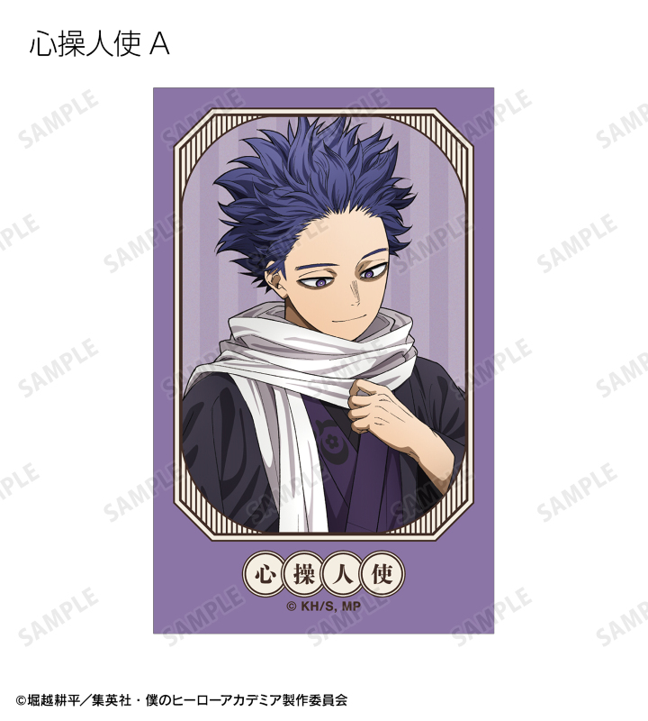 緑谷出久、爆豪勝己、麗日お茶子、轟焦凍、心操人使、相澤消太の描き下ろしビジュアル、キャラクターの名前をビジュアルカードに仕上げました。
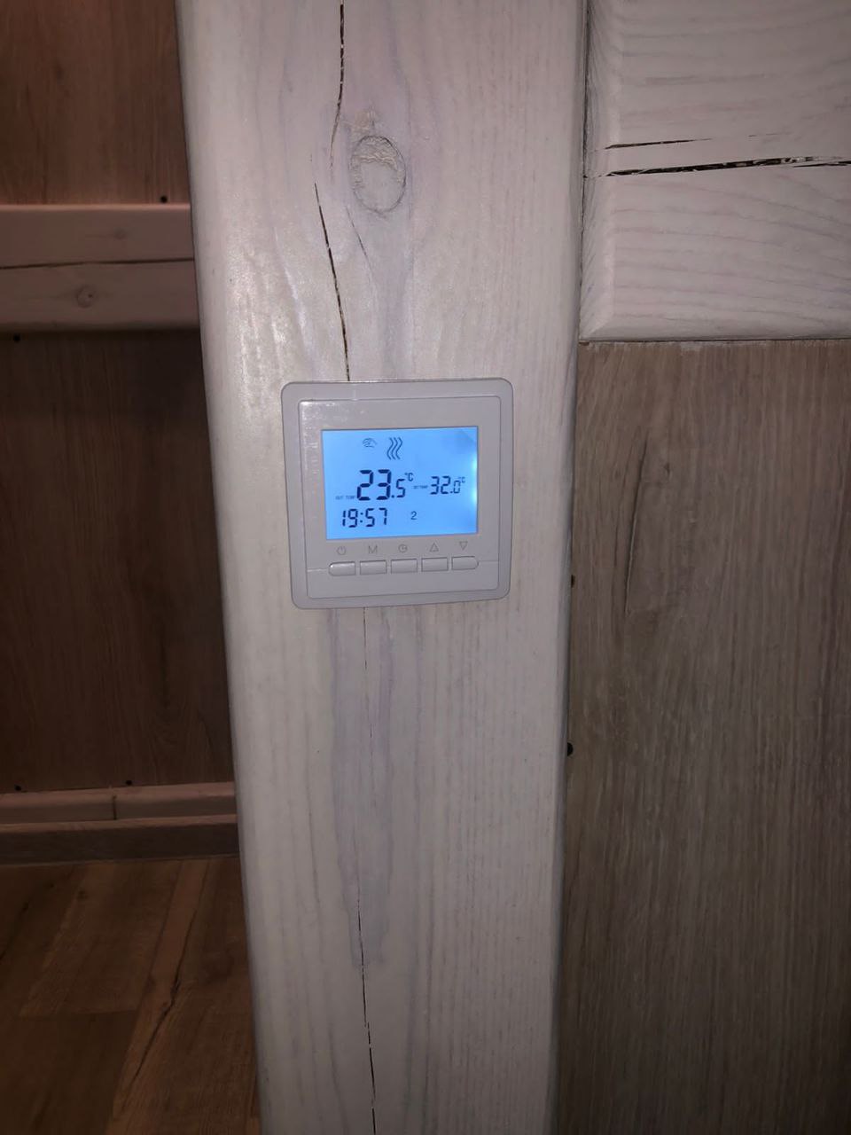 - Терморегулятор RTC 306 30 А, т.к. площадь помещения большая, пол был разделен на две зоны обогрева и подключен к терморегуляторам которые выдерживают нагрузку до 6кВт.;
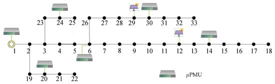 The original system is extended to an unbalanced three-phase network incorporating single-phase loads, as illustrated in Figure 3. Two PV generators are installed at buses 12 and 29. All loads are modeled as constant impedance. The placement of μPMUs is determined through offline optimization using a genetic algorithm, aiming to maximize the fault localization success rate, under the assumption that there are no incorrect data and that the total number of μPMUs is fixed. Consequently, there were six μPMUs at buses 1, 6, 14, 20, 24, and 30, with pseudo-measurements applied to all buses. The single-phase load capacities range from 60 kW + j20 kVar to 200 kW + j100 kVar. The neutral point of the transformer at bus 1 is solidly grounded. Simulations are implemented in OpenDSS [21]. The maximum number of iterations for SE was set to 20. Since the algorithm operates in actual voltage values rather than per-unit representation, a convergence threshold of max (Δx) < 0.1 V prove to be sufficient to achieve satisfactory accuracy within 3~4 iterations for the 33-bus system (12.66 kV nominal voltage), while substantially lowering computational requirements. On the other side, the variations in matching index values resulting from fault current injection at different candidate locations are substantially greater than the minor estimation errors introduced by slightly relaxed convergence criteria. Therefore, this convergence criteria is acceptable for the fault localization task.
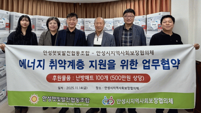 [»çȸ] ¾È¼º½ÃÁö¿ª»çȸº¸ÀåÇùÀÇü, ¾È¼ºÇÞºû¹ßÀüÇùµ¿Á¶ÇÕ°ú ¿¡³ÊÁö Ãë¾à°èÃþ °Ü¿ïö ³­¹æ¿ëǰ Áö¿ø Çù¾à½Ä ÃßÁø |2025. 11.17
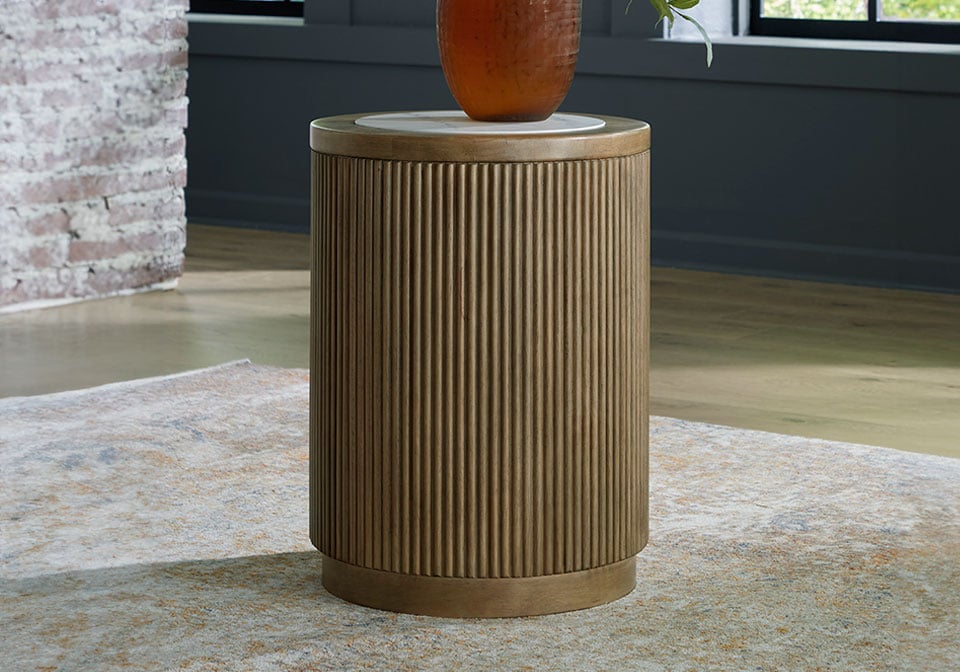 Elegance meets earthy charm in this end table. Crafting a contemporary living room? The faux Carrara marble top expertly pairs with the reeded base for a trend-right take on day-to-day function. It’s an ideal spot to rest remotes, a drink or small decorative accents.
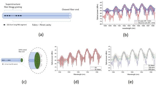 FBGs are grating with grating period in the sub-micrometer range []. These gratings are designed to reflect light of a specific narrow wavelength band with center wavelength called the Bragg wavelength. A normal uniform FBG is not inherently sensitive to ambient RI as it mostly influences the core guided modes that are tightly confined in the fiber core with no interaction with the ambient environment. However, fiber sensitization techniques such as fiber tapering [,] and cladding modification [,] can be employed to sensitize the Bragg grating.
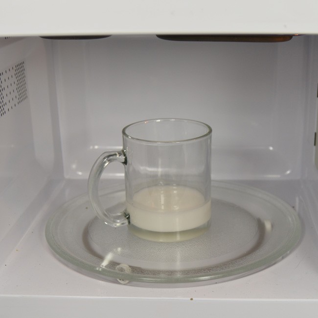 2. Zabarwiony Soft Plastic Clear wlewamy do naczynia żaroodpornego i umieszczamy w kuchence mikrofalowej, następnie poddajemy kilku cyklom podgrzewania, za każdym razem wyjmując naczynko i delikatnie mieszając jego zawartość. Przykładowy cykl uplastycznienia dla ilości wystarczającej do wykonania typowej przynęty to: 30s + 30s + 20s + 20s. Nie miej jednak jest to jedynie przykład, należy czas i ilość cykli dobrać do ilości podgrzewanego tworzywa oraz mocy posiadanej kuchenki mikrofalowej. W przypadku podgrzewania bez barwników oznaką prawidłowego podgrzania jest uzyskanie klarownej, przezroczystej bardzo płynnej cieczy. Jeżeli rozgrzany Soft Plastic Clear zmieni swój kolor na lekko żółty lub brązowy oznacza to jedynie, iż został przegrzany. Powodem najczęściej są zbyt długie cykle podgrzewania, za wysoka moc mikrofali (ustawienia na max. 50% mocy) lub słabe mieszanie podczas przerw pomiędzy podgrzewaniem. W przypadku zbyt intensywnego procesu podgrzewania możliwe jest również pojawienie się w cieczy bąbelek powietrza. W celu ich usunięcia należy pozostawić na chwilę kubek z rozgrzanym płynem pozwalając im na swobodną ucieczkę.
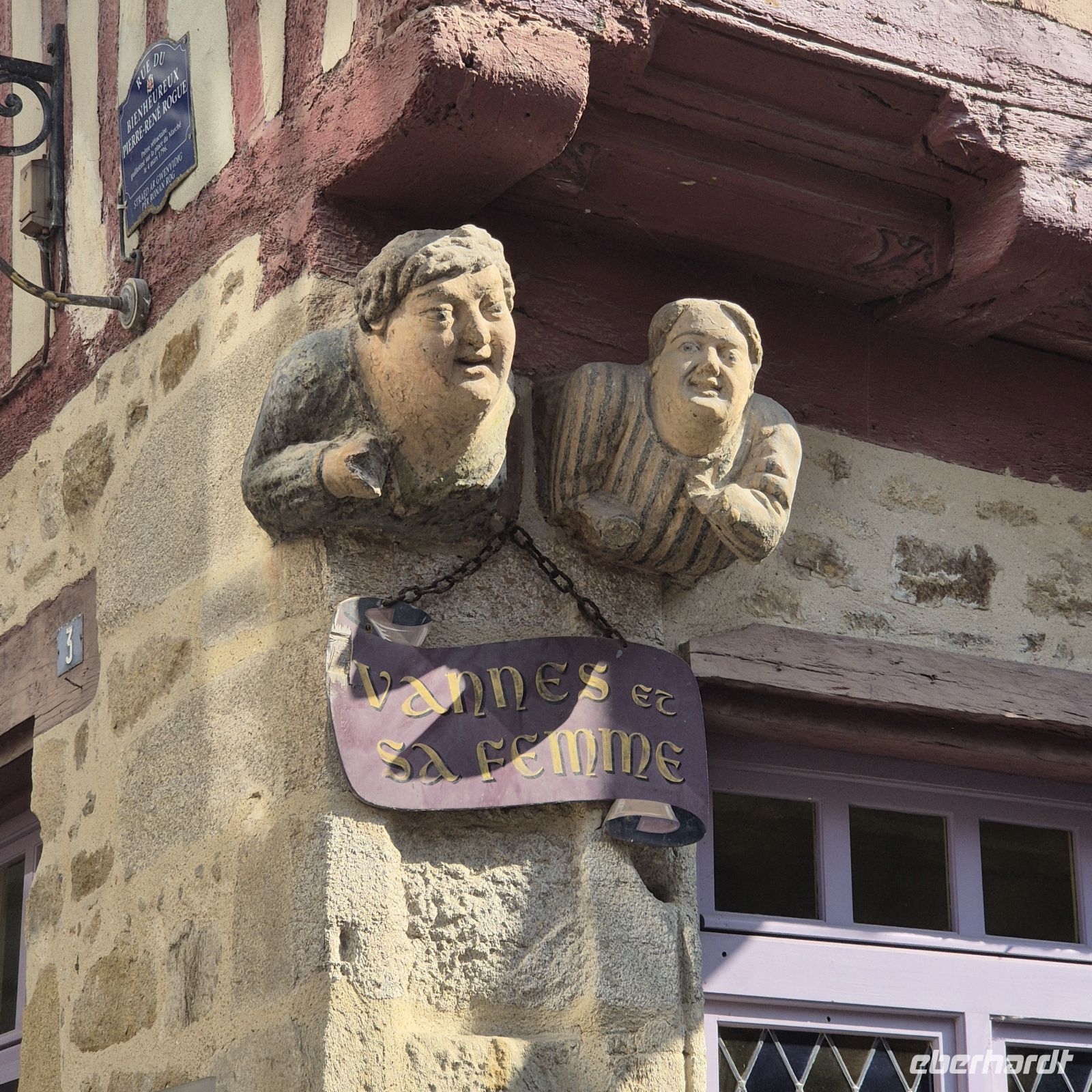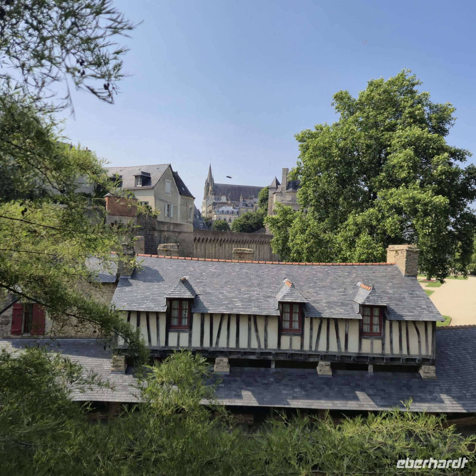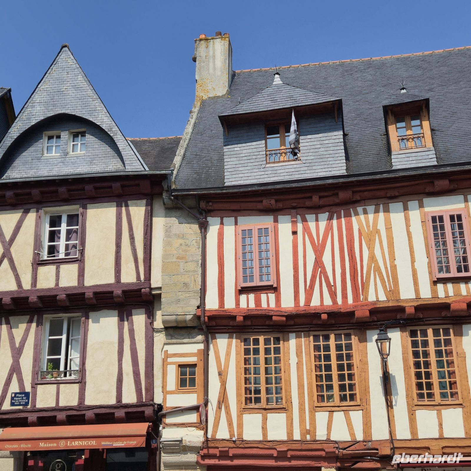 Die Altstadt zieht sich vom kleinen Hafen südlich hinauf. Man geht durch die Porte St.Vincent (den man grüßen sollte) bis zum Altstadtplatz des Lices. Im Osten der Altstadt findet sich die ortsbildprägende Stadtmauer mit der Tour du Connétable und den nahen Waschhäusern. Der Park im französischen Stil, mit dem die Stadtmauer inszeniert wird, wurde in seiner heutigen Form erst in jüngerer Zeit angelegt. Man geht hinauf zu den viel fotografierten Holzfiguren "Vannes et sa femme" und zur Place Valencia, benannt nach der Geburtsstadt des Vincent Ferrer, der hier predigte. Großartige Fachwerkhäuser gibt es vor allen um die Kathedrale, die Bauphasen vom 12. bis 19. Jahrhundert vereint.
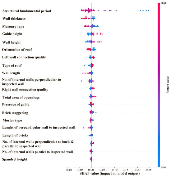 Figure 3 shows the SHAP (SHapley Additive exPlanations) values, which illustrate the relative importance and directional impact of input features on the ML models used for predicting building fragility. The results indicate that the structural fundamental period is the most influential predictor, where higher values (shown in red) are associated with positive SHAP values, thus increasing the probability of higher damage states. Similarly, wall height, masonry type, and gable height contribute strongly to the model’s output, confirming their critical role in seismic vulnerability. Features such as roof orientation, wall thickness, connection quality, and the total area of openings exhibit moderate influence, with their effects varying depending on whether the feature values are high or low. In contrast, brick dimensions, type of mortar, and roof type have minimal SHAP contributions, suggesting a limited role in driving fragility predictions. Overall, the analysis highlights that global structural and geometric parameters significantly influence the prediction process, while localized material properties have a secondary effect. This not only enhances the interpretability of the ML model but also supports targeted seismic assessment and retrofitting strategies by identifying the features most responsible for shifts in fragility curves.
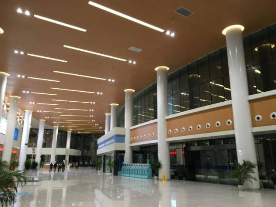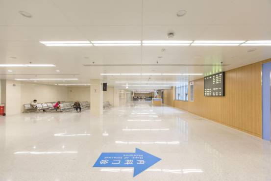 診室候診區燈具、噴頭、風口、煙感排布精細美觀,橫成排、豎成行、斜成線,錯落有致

§ PROBLEM TO WORK ON:
Each line between the one holding "ÃßÁø |2025. 11.17" and the one holding "Elegance meets earthy", inclusive, should be copied exactly as it appears above, and pictures should be omitted.

§ RESPONSE:
 [»çȸ] ¾È¼º½ÃÁö¿ª»çȸº¸ÀåÇùÀÇü, ¾È¼ºÇÞºû¹ßÀüÇùµ¿Á¶ÇÕ°ú ¿¡³ÊÁö Ãë¾à°èÃþ °Ü¿ïö ³­¹æ¿ëǰ Áö¿ø Çù¾à½Ä ÃßÁø |2025. 11.17
 Elegance meets earthy charm in this end table. Crafting a contemporary living room? The faux Carrara marble top expertly pairs with the reeded base for a trend-right take on day-to-day function. It’s an ideal spot to rest remotes, a drink or small decorative accents.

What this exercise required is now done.